The Mystery Knight, the third 'tale of Dunk and Egg', will be published in the USA on 16 March in the Warriors anthology. The story is set roughly 85 years before the events of A Game of Thrones and continues the adventures of a hedge knight and his unlikely squire.
 
That exerpt look like the whole story. Ill wait to read the real thing. I still haven't read "The Hedge Knight" lol.
 
They are more novellas than shorts, SS. Have you read 'The Sworn Sword'? (Wait, now I think about it was that the title?)

Haven't read this excerpt yet, but I will be. wert beat me with the link - I was just coming to post it.
 
The novellas are about 100 pages long each, so they're not really short, and the new one is the longest one of them all.
 
Where can these be bought, besides online? I've never seen them at Barnes and Noble or anywhere?
 
Where can these be bought, besides online? I've never seen them at Barnes and Noble or anywhere?

The Hedge Knight's prose version is in Legends, edited by Robert Silverberg (now out of print), and also in GRRM: A RRetrospective and its paperback reprinting, Dreamsongs (in Volume II of the two-volume edition).

The Sworn Sword's prose version is only available in Legends II, also edited by Robert Silverberg.

The US paperback editions of both Legends anthology is broken into much smaller books for some reason, so make sure you get the right version. The UK version of Legends is broken in two. The Hedge Knight is in the blue-covered edition with the Terry Pratchett-based cover. Legends II is available in just one paperback edition in the UK, thankfully.
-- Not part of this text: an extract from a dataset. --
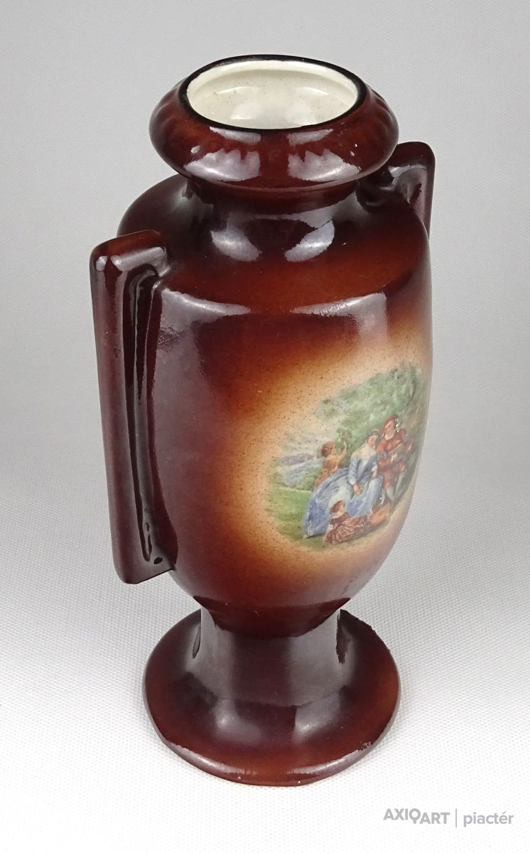 Jelzett, szép állapotú, korai Hollóházi fajansz váza, díszváza. Barna színű, rajta négy alakos allegorikus jelenettel.

There are comic book adaptations of both, available as graphic novels from the Dabel Brothers. I believe Marvel is currently distributing both.
 
Thanks for the link Wert. It may stave off my ASoIaF addiction for a little longer :)

And Rykker not sure if you can do this but you could request the book store to order some copies of "Warriors" in and see if they'll be nice enough to reserve one for you.
 
Review:

Two years ago, the Great Spring Sickness swept through the Seven Kingdoms, killing tens of thousands and leaving the realm battered and fragile. Beyond the narrow sea, the defeated but not destroyed Blackfyre Pretenders remain a significant threat, whilst the Stark in Winterfell has called his banners to deal with another enemy. As the realm seethes in discontent, the quiet, bookish King Aerys I Targaryen sits the Iron Throne but leaves the realm to be ruled decisively by his Hand, Lord Brynden Rivers, 'Bloodraven', a kinslayer who is said to be accursed in the sight of the gods and men.

However, such concerns seem far away for Ser Duncan the Tall, a hedge knight, and his squire Egg, when they stop at the castle of Whitewalls where Lord Butterwell is celebrating his marriage. Hedge knights and lords alike gather to wish the couple well and partake in the celebratory tourney, but beneath the surface Dunk discovers intrigue and conspiracies, feuds dating back decades and plans that will reverberate for years to come. For at this tourney, there is more than one mystery knight...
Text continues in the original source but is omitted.